[Source data]

● ● ● ● ●

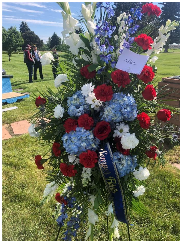
Wreath presented by FMDA-RMC on 26 June 2021
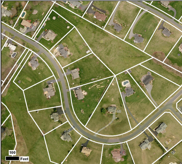
RE-2C Typical Buildout Pattern and Form
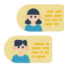
EMPLOYER INFO, CONTACTS
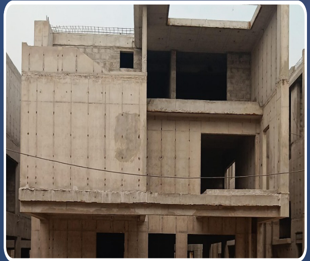
VILLA-129 (Structure Completed)
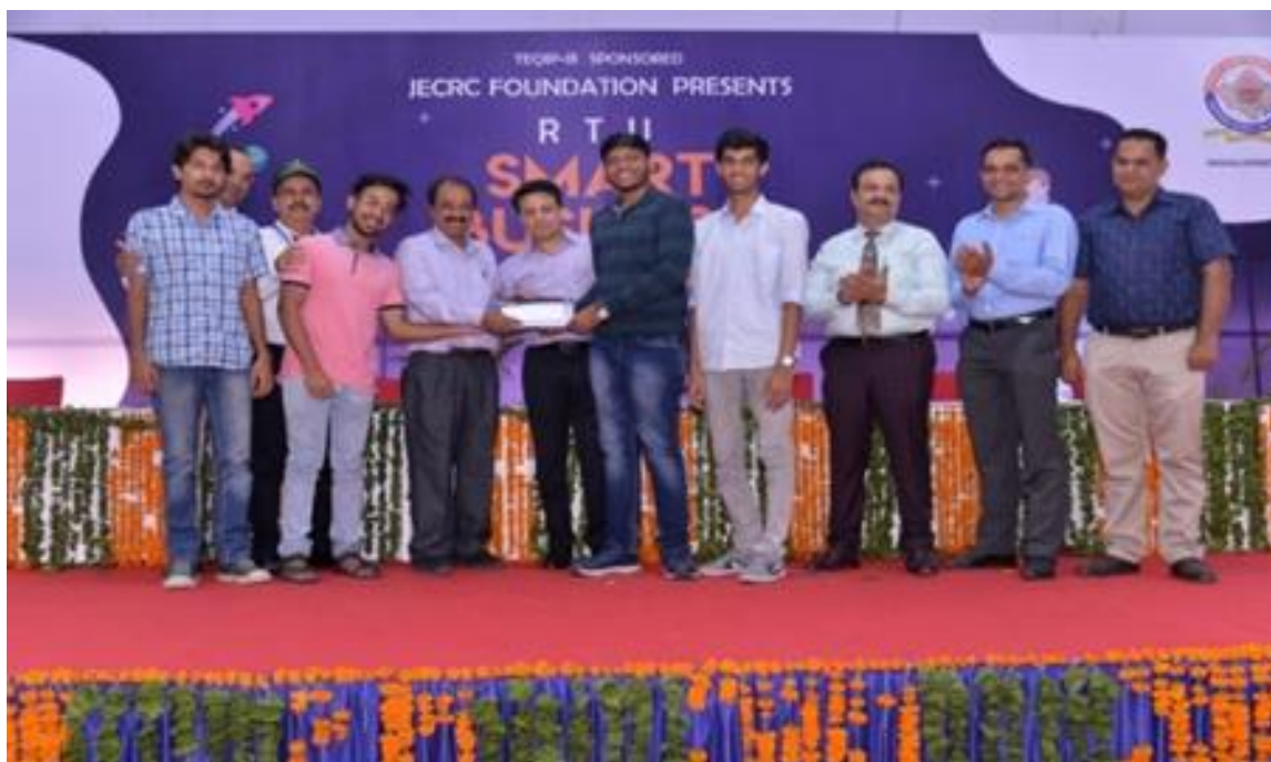
Fig 9.7.4 a Special Recommendation Award with Prize Money Rs. 11000/- in RTU Smart Business Hackathon Sponsored by TEQIP III- 2019
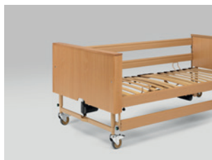
Wooden panels for the chassis (also for retrofitting)
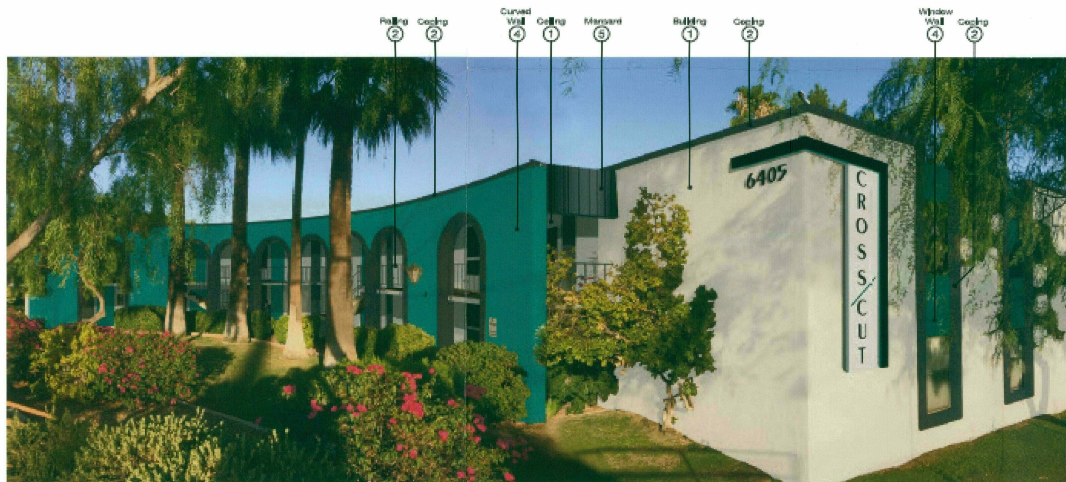
2 Proposed North West Elevation
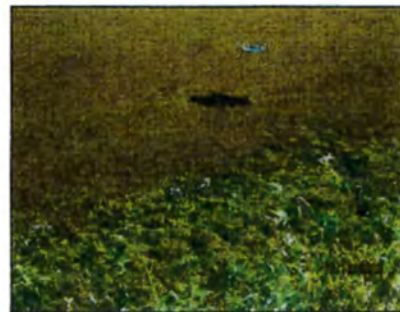
Figure 33: Close up of the reservoir surface cover. Rock hole in the upper portion of the photo.
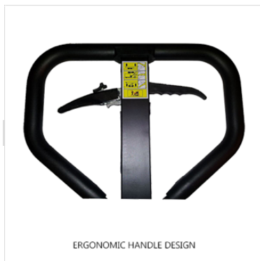
ERGONOMIC HANDLE DESIGN
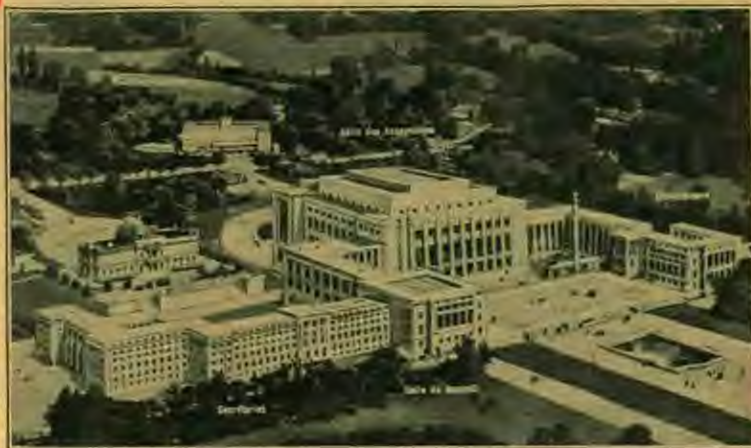
The palace of the League of Nations at Geneva—a monument to some men's ardent hope for peace.

held in the temporary structure across the Quai de Mont Blanc, farther in the heart of the city itself.
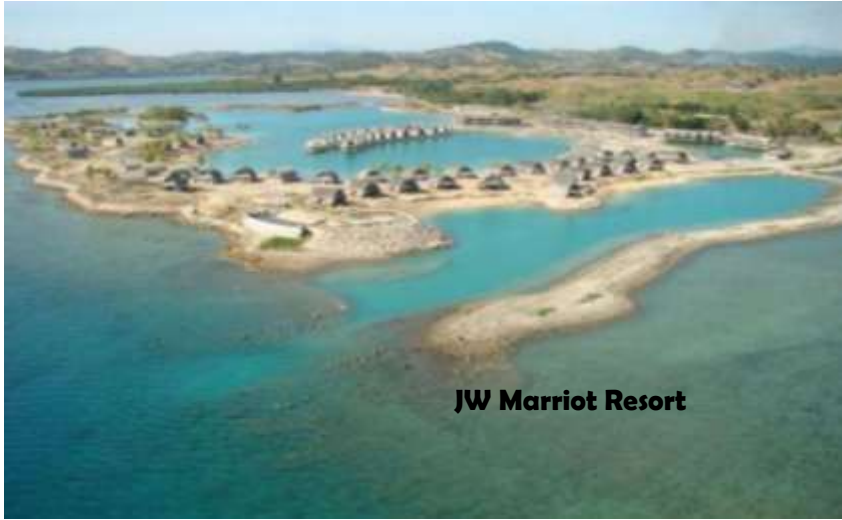
JW Marriot Resort
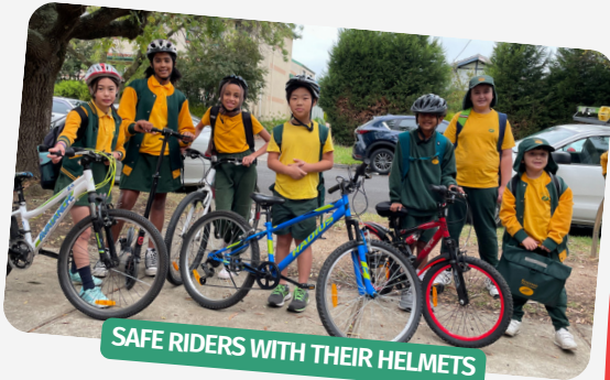
SAFE RIDERS WITH THEIR HELMETS
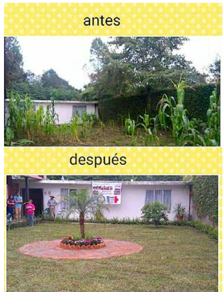
The Interactors' landscaping project, before and after.

Tax-deductible contributions to help with projects in Xicotepec can be made to D6000 HEF; contributions should be sent to Phil Peterson, Treasurer, Rotary District 6000 HEF, P.O. Box 5774, Coralville, IA 52241-5774.
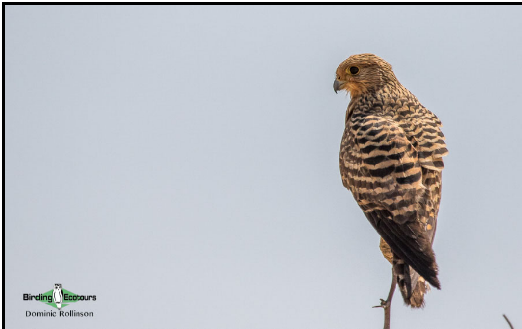
Raptors such as Greater Kestrel are common throughout the Kalahari.

Overnight: Kgalagadi Lodge (just outside the Kgalagadi Transfrontier Park)

● ● ● ● ●

> [WHAT THE TASK REQUIRES]:
Beginning with the line above that has "SAFE RIDERS WITH THEIR HELMETS" and going on through the line that has "The Interactors' landscaping", retype every line exactly and add nothing else; drop the pictures.

> [YOUR SOLUTION]:
SAFE RIDERS WITH THEIR HELMETS
The Interactors' landscaping project, before and after.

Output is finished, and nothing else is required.